Air cards are devices that plug into a computer and use the
wireless cellular networks of phone providers to connect the computer to the
internet. The devices are not phones and therefore don’t have the ability to
receive incoming calls, but in this case Rigmaiden asserts that Verizon
reconfigured his air card to respond to surreptitious voice calls from a
landline controlled by the FBI.
The FBI calls, which contacted the air card silently in the
background, operated as pings to force the air card into revealing its
location.
In order to do this, Verizon reprogrammed the device so that
when an incoming voice call arrived, the card would disconnect from any
legitimate cell tower to which it was already connected, and send real-time
cell-site location data to Verizon, which forwarded the data to the FBI. This
allowed the FBI to position its stingray in the neighborhood where Rigmaiden
resided. The stingray then “broadcast a very strong signal” to force the air
card into connecting to it, instead of reconnecting to a legitimate cell tower,
so that agents could then triangulate signals coming from the air card and
zoom-in on Rigmaiden’s location.
To make sure the air card connected to the FBI’s simulator,
Rigmaiden says that Verizon altered his air card’s Preferred Roaming List so
that it would accept the FBI’s stingray as a legitimate cell site and not a
rogue site, and also changed a data table on the air card designating the
priority of cell sites so that the FBI’s fake site was at the top of the
list.
Rigmaiden makes the assertions in a 369-page document he filed
in support of a motion to suppress evidence gathered through the stingray.

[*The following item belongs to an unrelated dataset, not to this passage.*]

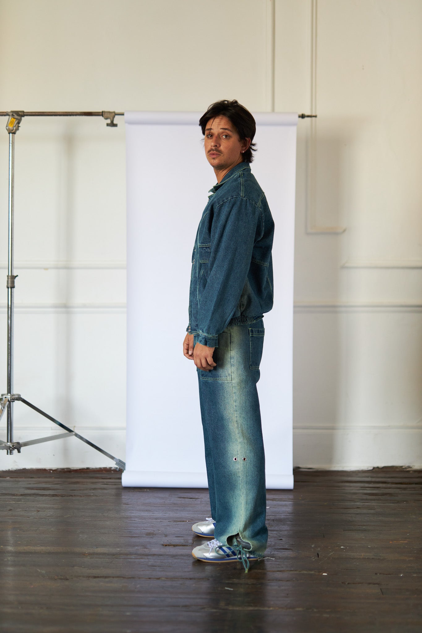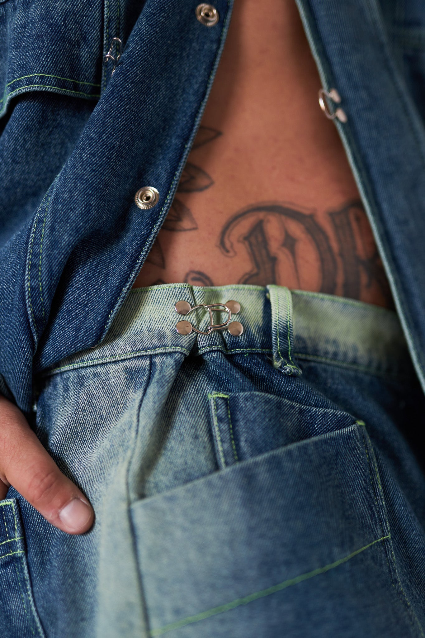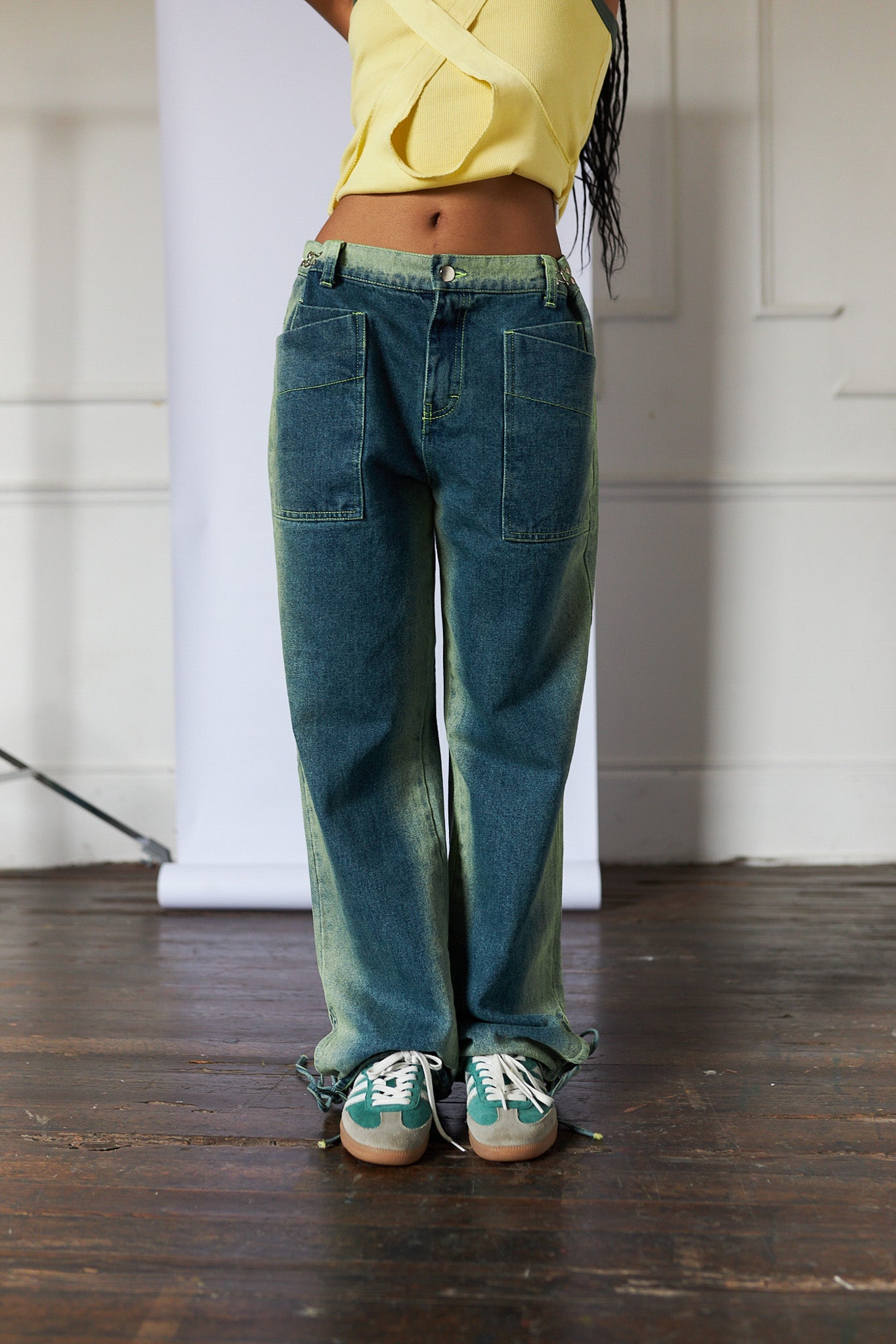Pantalón oversize con enganches en la pretina para regular el tamaño y usarlo a la cintura o a la cadera (ver tabla de madida) y con ojalillo en la basta para regular el largo // Detalle de desteñido en los laterales

Rigmaiden collected information about how the stingray worked from documents
obtained from the government, as well as from records obtained through FOIA
requests filed by civil liberties groups and from open-source literature.
During a hearing
in a U.S. District Court in Arizona on March 28 to discuss the motion, the
government did not dispute Rigmaiden’s assertions about Verizon’s
activities.
The actions described by Rigmaiden are much more intrusive
than previously known information about how the government uses stingrays, which
are generally employed for tracking cell phones and are widely used in drug and
other criminal investigations.
The government has long asserted that it doesn’t need to
obtain a probable-cause warrant to use the devices because they don’t collect
the content of phone calls and text messages and operate like pen-registers and
trap-and-traces, collecting the equivalent of header information.
The government has conceded, however, that it needed a warrant
in his case alone — because the stingray reached into his apartment remotely to
locate the air card — and that the activities performed by Verizon and the FBI
to locate Rigmaiden were all authorized by a court order signed by a
magistrate.
The Electronic Frontier Foundation and the American Civil
Liberties Union of Northern California, who have filed an amicus brief in
support of Rigmaiden’s motion, maintain that the order does not qualify as a
warrant and that the government withheld crucial information from the magistrate
— such as identifying that the tracking device they planned to use was a
stingray and that its use involved intrusive measures — thus preventing the
court from properly fulfilling its oversight function.
“It shows you just how crazy the technology is, and [supports]
all the more the need to explain to the court what they are doing,” says EFF
Staff Attorney Hanni Fakhoury. “This is more than just [saying to Verizon] give
us some records that you have sitting on your server. This is reconfiguring and
changing the characteristics of the [suspect's] property, without informing the
judge what’s going on.”
The secretive technology, generically known as a stingray or
IMSI catcher, allows law enforcement agents to spoof a legitimate cell tower in
order to trick nearby mobile phones and other wireless communication devices
like air cards into connecting to the stingray instead of a phone carrier’s
legitimate tower.
When devices connect, stingrays can see and record their
unique ID numbers and traffic data, as well as information that points to the
device’s location.
By moving the stingray around and gathering the wireless
device’s signal strength from various locations in a neighborhood, authorities
can pinpoint where the device is being used with much more precision than they
can get through data obtained from a mobile network provider’s fixed tower
location.
Use of the spy technology goes back at least 20 years. In a
2009 Utah case, an FBI agent described using a cell site emulator more than 300
times over a decade and indicated that they were used on a daily basis by U.S,
Marshals, the Secret Service and other federal agencies.
The FBI used a
similar device to track former
hacker Kevin Mitnick in 1994, though the version used in that case was much
more primitive and passive.
A 1996 Wired story about the Mitnick case called the
device a Triggerfish and described it as “a technician’s device normally used
for testing cell phones.” According to the story, the Triggerfish was “a
rectangular box of electronics about a half a meter high controlled by a
PowerBook” that was essentially “a five-channel receiver, able to monitor both
sides of a conversation simultaneously.” The crude technology was hauled around
in a station wagon and van. A black coaxial cable was strung out of the
vehicle’s window to connect the Triggerfish to a direction-finding antenna on
the vehicle’s roof, which had four antenna prongs that reached 30 centimeters
into the sky.
The technology has become much sleeker and less obtrusive
since then, but still operates under the same principles.